Светлый фон

Святость – это ядро человеческой жизни, которая даруется ребенку в день его истинного, духовного рождения; когда отец признает своего незаконнорожденного ребенка законным и окончательно вводит его в состав клана, то говорят, что он его освящает. Святость присутствует и в богатстве и, согласно поэтическому использованию языка, который видит самую суть вещей и называет их согласно их истинной природе, скот и оружие просто святые. Святость – это сердце владения. Специальный ритуал, который превращал гору или лес в святое место, и подготовка земли к заселению людьми, проводившаяся с помощью огня, – все это разные виды одного и того же действия; из Хельгафелля святость непрерывно распространялась в окружающий мир. Только – чем дальше от него, тем слабее она становилась. Первое, что делал поселенец, это освящал землю для себя. Торольв, главный жрец, освятил свою землю во имя Тора, точно так же, как он поступил и со своим храмом. Годи капища в Мёри Торхадд Старый из Трандхейма утвердил на своей новой земле святость Мёри. Эту святость, которая была душой капища в Трандхейм-фьорде, он увез с собой, поместив ее в столбы, окружавшие капище в Мёри. Приехав в свой новый дом, Торхадд поместил святость в свою землю вокруг Стодварфьорда («Книга о занятии земли». Часть четвертая).
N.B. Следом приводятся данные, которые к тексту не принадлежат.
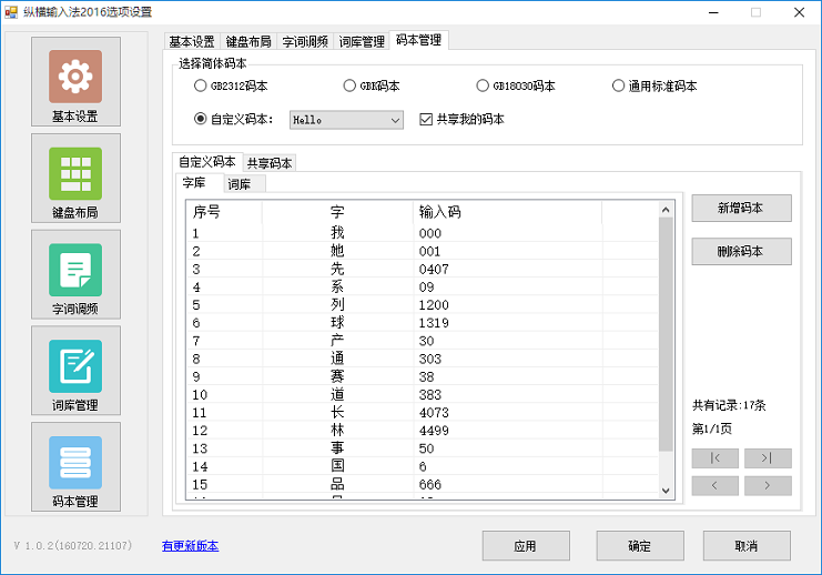 此时即显示新的自定义码本,即为当前用户输入码本。
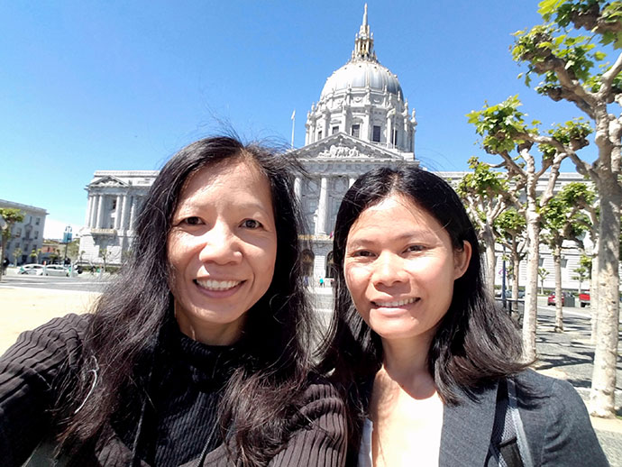 จะไม่ให้ฉันเก่งภาษาได้ยังไงล่ะคะ ฉันมีโอกาสได้แปลในสถานการณ์จริงที่หลากหลายอยู่ตลอด และจะบอกกับทุกคนด้วยว่าถ้าเห็น อะไรผิดพลาด ช่วยแก้ให้ด้วย พี่บ้านก็มีสามีชาวอเมริกันคอยแก้ภาษาให้ ถ้ามีอะไรขัดหูเขา เขาก็จะแก้ให้เรา
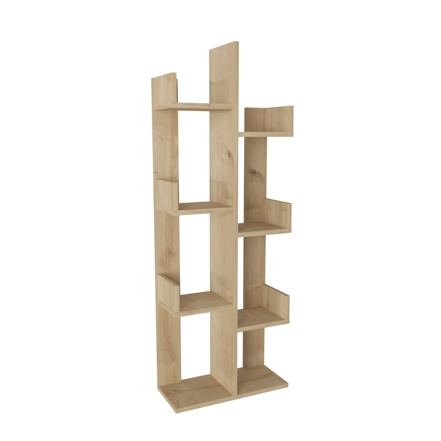 Luisa 54” tall modern bookshelf has a unique tree-shape design, adding an elegant look to your home/office decor. The bookcase with 4-tier half-backed 8 shelves provides enormous space for storing or displaying your books and decorative items. Side shelves prevent items from falling while back board and the base board ensure a better load-bearing and stability. It can also be used as a storage shelf; plant stand or flower rack. Contemporary design allows it to easily complement your home or office decor. The bookshelf is made of 18mm thick melamine veneered particle board and banded with PVC edge band. It is manufactured using health-friendly materials. The product will be delivered to the customer in the original package as disassembled. It is designed to be assembled by the customer using a power drill and screwdriver. Assembly instruction and installation hardware are included in the package. For fast and error-free installation, product parts are numbered with stickers following the assembly guide.
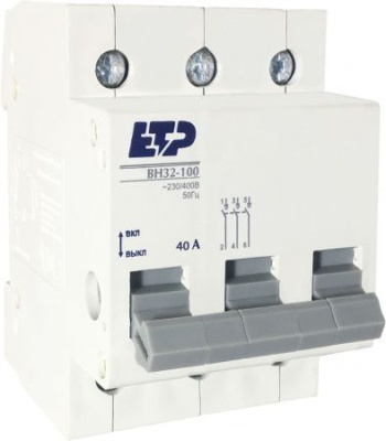 Выключатель нагрузки ВН32-100 3P 40А ETP. Выключатели нагрузки ВН 32-100 ETP предназначены для оперативного управления участками электрических цепей, т.е. управляют процессом включения-выключения номинальных токов в отходящей цепи. Выключатели нагрузки ВН 32-100 ETP выполнены в корпусе из не поддерживающей горение пластмассы. Насечки на контактных зажимах предотвращают перегрев и оплавление проводов за счет более плотного и большего по площади контакта. На лицевой панели реализован механический индикатор положения контактов (включено/отключено). Эргономичная рукоятка управления исключает соскальзывание пальцев. Геометрия боковых поверхностей изделия разработана для улучшения теплового режима.
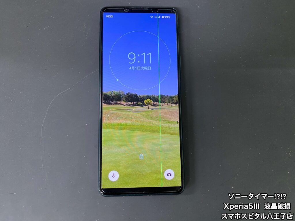 【Xperia 5Ⅲ 修理】使っていたら急に緑の線が画面に発生!?!?大切に使ってても不具合が発生してしまうことはあります…スマホスピタル八王子店へご相談ください。
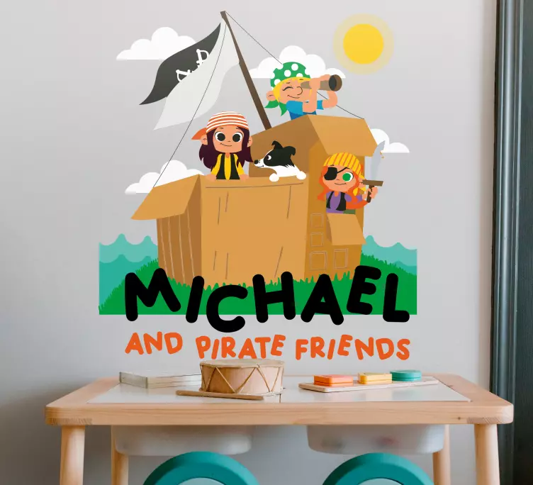 Reference: A48764A vibrant scene featuring children dressed as pirates aboard a cardboard ship, complete with a sail and a playful dog. The design captures the essence of childhood imagination and adventure, perfect for creating a fun atmosphere in a child's space.
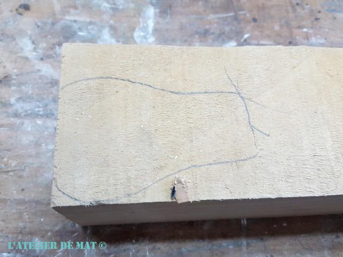 Vous le savez peut-être, mais je jette rarement du bois et heureusement car dans ce cas, j’ai mis du temps à trouver une chute assez grande pour la réparation. Il fallait en effet prendre en compte la hauteur nécessaire pour refaire la partie « boule » du pied ». Une fois trouvée, j’ai tracé les contours de la future pièce en me basant sur la découpe du pied que je venais d’effectuer
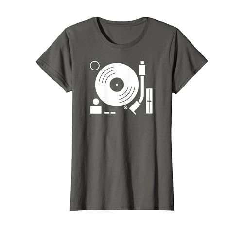 DJ Turntable Record Deck T-Shirt, Women, Asphalt Grey, Large
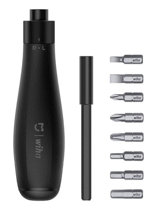 Xiaomi Mi x Wiha BHR4007GL - реверсивная отвертка, оснащенная системой хранения бит в рукоятке. Комплектуется 8-ю битами типов PH1, PH2, PH3, H4, SL6,5, SL4, H5 и удлиннительным рычагом.
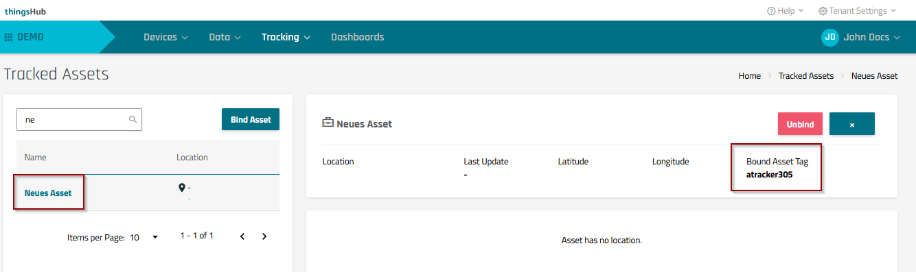 The tracking device must also be physically connected to the asset and networked to the thingsHub via an IoT network connection. This is the real-world counterpart to the binding process.
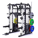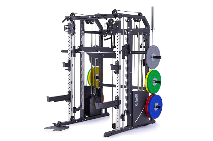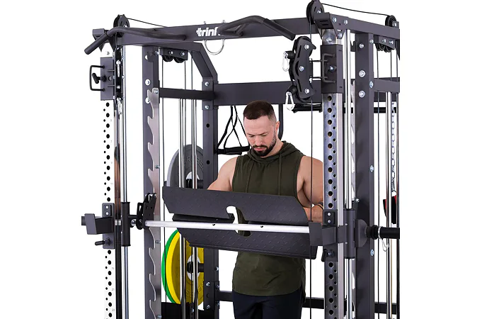 Bezpečnostní dorazy multipressu lze také umístit tak, aby vyhovovaly každému uživateli. Jakmile je adaptér nastaven do správné polohy, jednoduše vysunutím (otočením) háku osy multipressu uvolníte legpress ze zajištěné polohy, provedete zvolený cvik a znovu zasunete do zajištěné polohy.
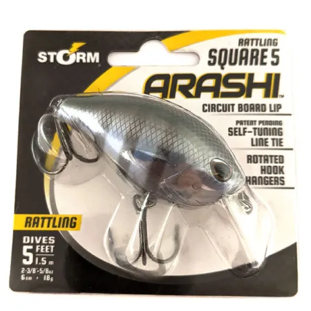 Med en vikt på 18 g (2/3 oz) erbjuder denna wobblers Bluegill-finish en realistisk profil av en betesfisk som passar för olika vattenförhållanden. Storm Arashi Rattling Square 5, med produktkod 11332, är konstruerad för att dyka till ett djup av 1,5 m (5 ft) med sin tunna, hållbara dyksked av kretskortsmaterial (GFK). En framstående teknisk funktion är den självjusterande linöglan (self-tuning line tie), en frirörlig konstruktion avsedd att bibehålla en rak gång under invevning. Betet är 6 cm (2 1/4") långt och utrustat med roterade kroköglor som placerar VMC-krokarna närmare kroppen för att minska risken för bottennapp. Detta exemplar är oanvänt i originalförpackning, vilket motsvarar skickbetyg 6. Den interna rasselkammaren ger ett tydligt ljudavtryck, och tillverkningslandet är Indonesien. Kraftig hårdvara och square-lip-designen är skräddarsydda för att studsa av hinder som timmer eller stenar.
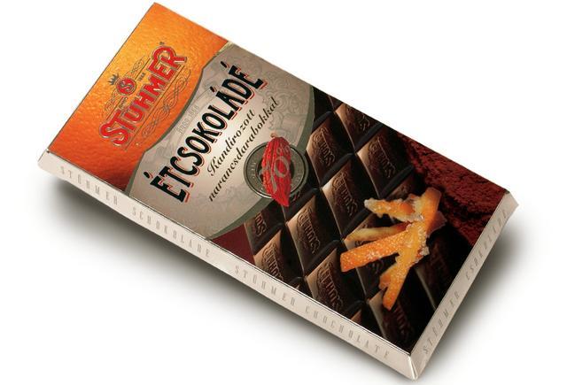 Étcsokoládé kandírozott narancsdarabokkal, 100g Étcsokoládé kandírozott narancsdarabokkal, 100g |
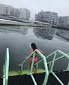 Byråd Sirin Hellvin Stav koser seg i isvannet utenfor Sukkerbiten.Foto: Oslo badstuforening
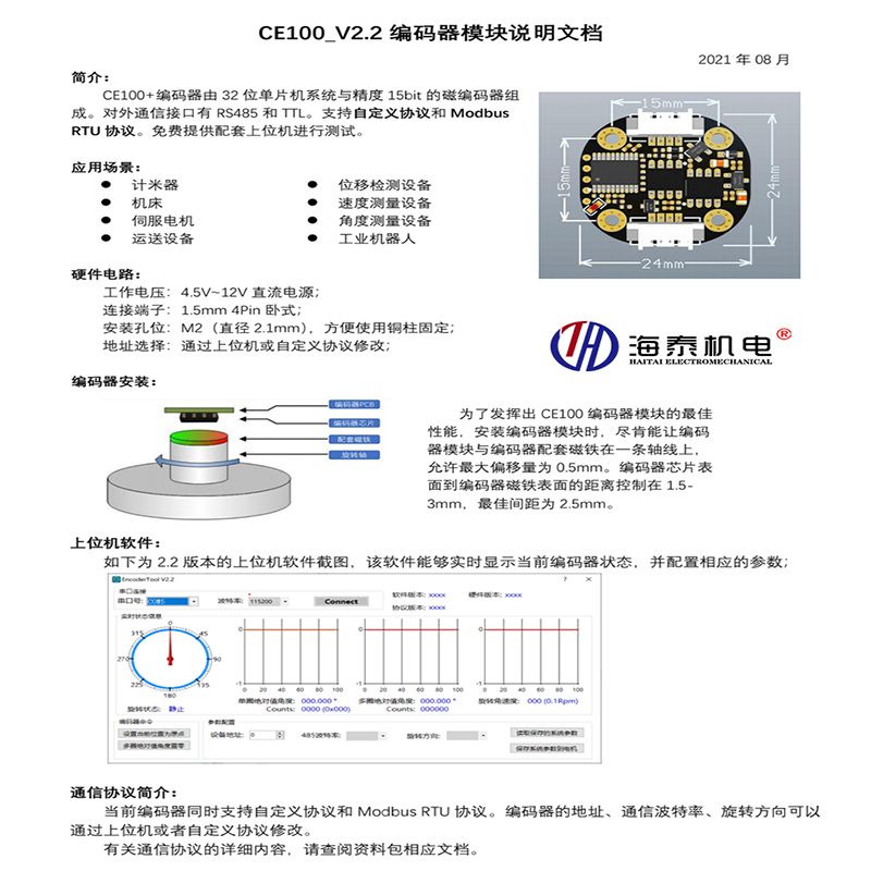 Angle sensor CE100 encoder high precision 15-position angular speed RS485 single-turn rotary encoder
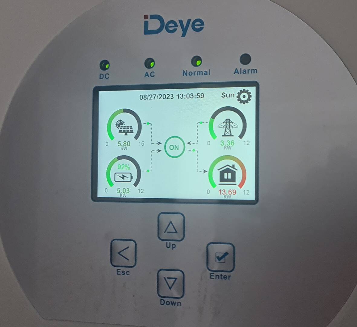 Jetzt versteh ich den Deye gar nicht mehr. Nur die Spülmaschine läuft und der Deye zeigt zzt über 14 kw Verbrauch an. Zusätzlich zieht er aus dem Speicher noch Energie. Pv bei knapp 7 kw.
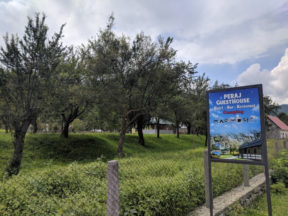 Just before reaching the centre of Vermosh we find the Peraj Guesthouse by the side of the road. Huge old apple trees grow in the garden, bursting with tiny green apples. It’s a garden oasis, ready to save us from the monotonous heat, dust and pebbles. We sit outside under the trees and have some lovely sludgy Turkish coffee. It’s a really relaxing place, owned by a big family whose house forms the main part of the guesthouse. Callum reads his book and I do some writing as the various members of the family potter round, cooking, washing, fixing things and having coffee and, in the case of the small boy, switching between shyly checking us out and repeatedly calling, “Muuuummmmm“. An hour or so later we have lunch – our first, delicious taste of Albanian food is pale green paprika with yoghurt, a tomato salad and homemade fried potatoes. Another hour passes. It’s not a long day, so we can afford the time. There’s no rush.
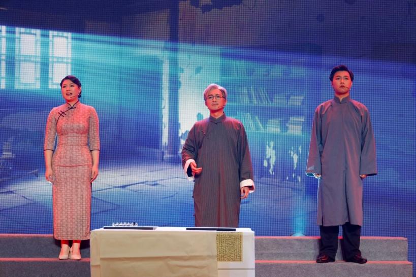 对话回溯迁徙办学缘起:此次演出的序幕部分,以1944年的宁海跃龙山校长办公室为场景,通过汪焕章校长与顾鄞洲、沈颖芗的对话,回溯了1941年宁波沦陷后,鄞县县立商业职业学校等三所学校合并组建鄞县县立临时联合中学并开启迁徙办学的历史背景,展现了先辈们守护教育火种的初心。
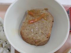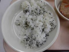 3月11日 水曜日(ごはん、ごましお、ハンバーグのやさいあんかけ、はるさめのちゅうかスープ、ぎゅうにゅう)
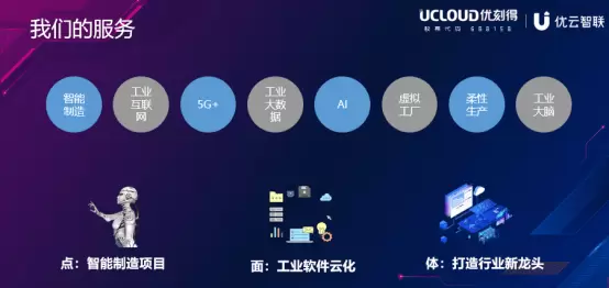 优云智联依托母公司优刻得领先的云计算、大数据、人工智能及数据流通安全技术,整合国内先进的工业互联网优秀产品,从点、面、体三维立体角度,提供智能制造服务、工业云解决方案及行业云解决方案,帮助企业实现自主注册、自主配置(企业人/机/料/测)、自主运维,以及云化工业软件低成本快速部署,降低工业软件使用门槛,让百万制造企业上云上平台成为可能。
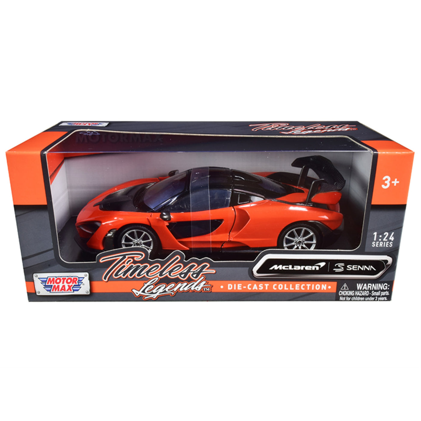 Mclaren Senna Orange Metallic And Black 'Timeless Legends' 1/24 Diecast Model Car By Motormax
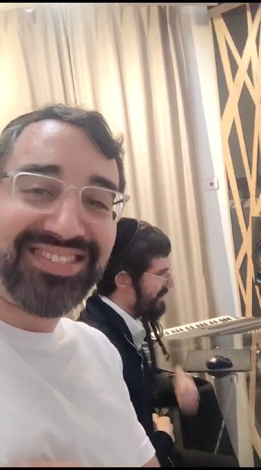 מאחורי הקלעים: הזמר החסידי שמחה פרידמן יחד עם המעבד שרולי ברונכר, בצילומים לקליפ חדש בשיתוף מקהלת הרבנות הצבאית.
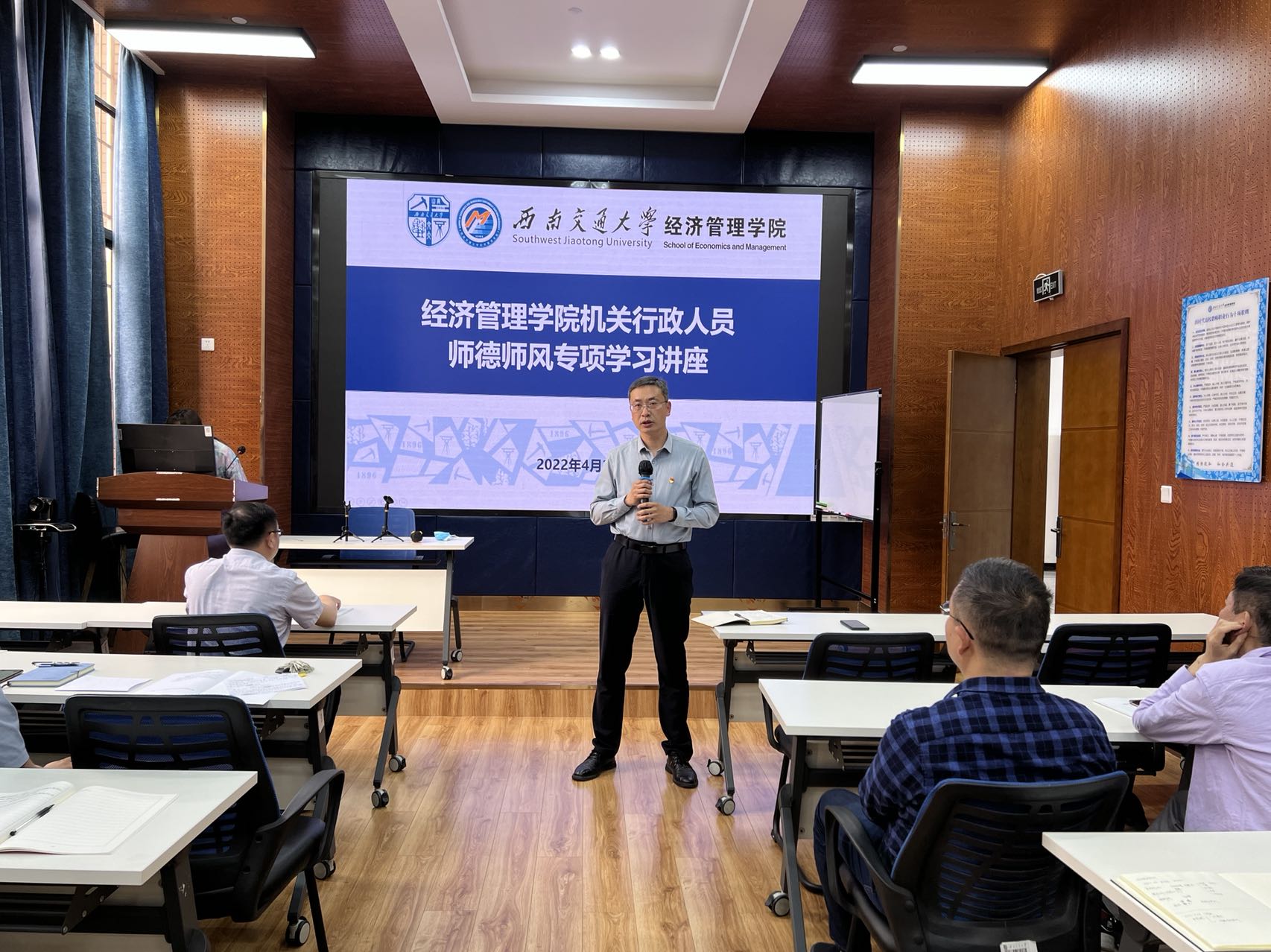为深入学习贯彻习近平新时代中国特色社会主义思想和党的十九大精神,深入贯彻落实全国教育大会精神,扎实推进《中共中央 国务院关于全面深化新时代教师队伍建设改革的意见》的实施,按照学校《关于开展best365网页版登录官方网站师德师风建设应知应会专项学习的通知》要求,2022年4月28日下午4点,学院机关第一和第二党支部在九里校区0218会议室组织管理岗工作人员集中开展了师德师风建设专项学习教育。
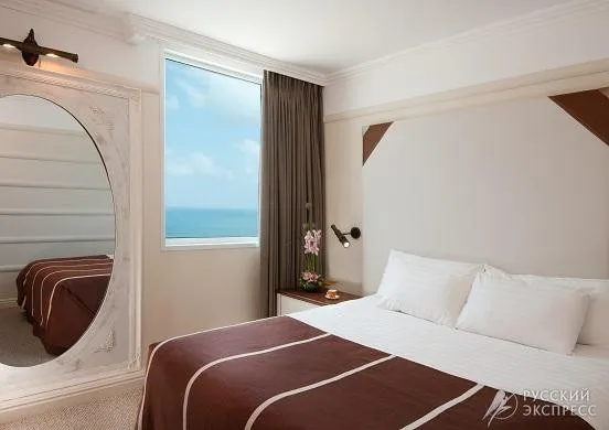 Ванна/душ, индивидуальный кондиционер, TV (плазменный экран LCD 32), кровать Sweet Sleepers, телефон, мини-бар, сейф, радио, фен, электро-чайник, набор для кофе, интернет Wi-Fi (за дополнительную плату). Кроме того, к вашим услугам уборка номера и услуги горничных 24 часа в сутки. Во всех номерах есть балкон с видом на Средиземное море.
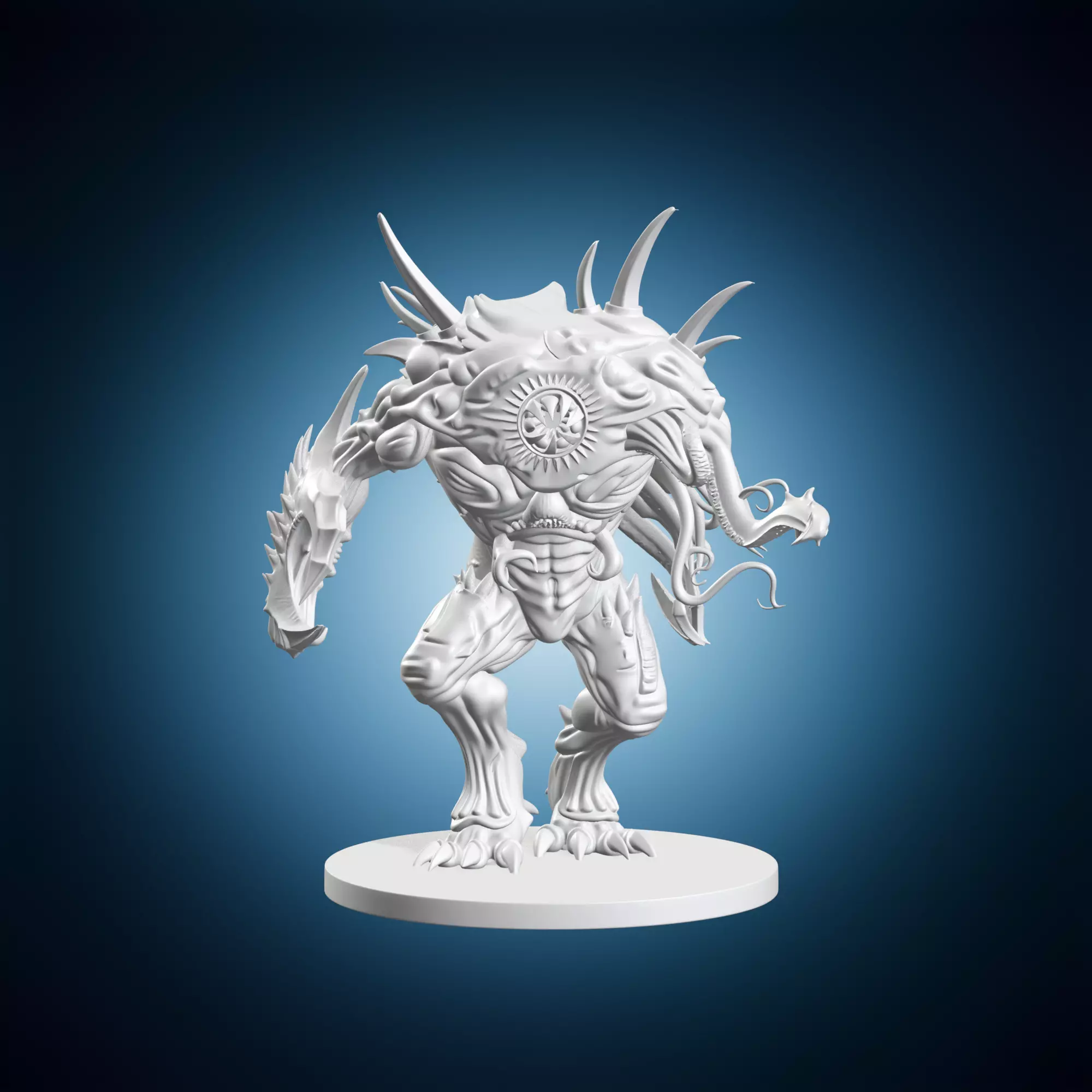 A detailed miniature model of an eldritch horror tentacle monster inspired by cosmic horror themes and mythology. The model features intricate details and textures to create a sense of realism and terror. It is suitable for tabletop games, dioramas, or as a decorative piece. Created using advanced 3D modeling software, this miniature model is designed to be highly detailed and visually stunning.

Если взглянуть на этот поступок переселенца с социальной точки зрения, то это был акт простого присвоения, поскольку сущностью владения является идентичность владельца и того, чем он владеет; поэтому словом helga (освящать) одновременно называют и присвоение, и высшее освящение, когда человек наносит последний штрих на здание церкви и посвящает ее Богу. Хамингья, которая охраняет собственность и делает ее пригодной для человека, точно такая же, как и та, что течет в его жилах, поэтому кровь, пролитая на землю неизвестной рукой, падает на голову ее владельца и делает его виновным в убийстве. Бедный франк, совершивший убийство и не способный заплатить свою долю виры, брал горсть земли со своего участка и бросал ее на участок соседа, а потом перелезал через ограду и бежал. Эта горсть земли олицетворяла не только право владения, но и ответственность несчастного беглеца, точно так же, как долг и сила, содержавшиеся в оружии, доставались лучшему человеку в семье. Если убийца умирал еще до выплаты виры, то его обязательства переходили к наследнику; в норвежском законе это выражалось такой фразой: «Наследник берет секиру».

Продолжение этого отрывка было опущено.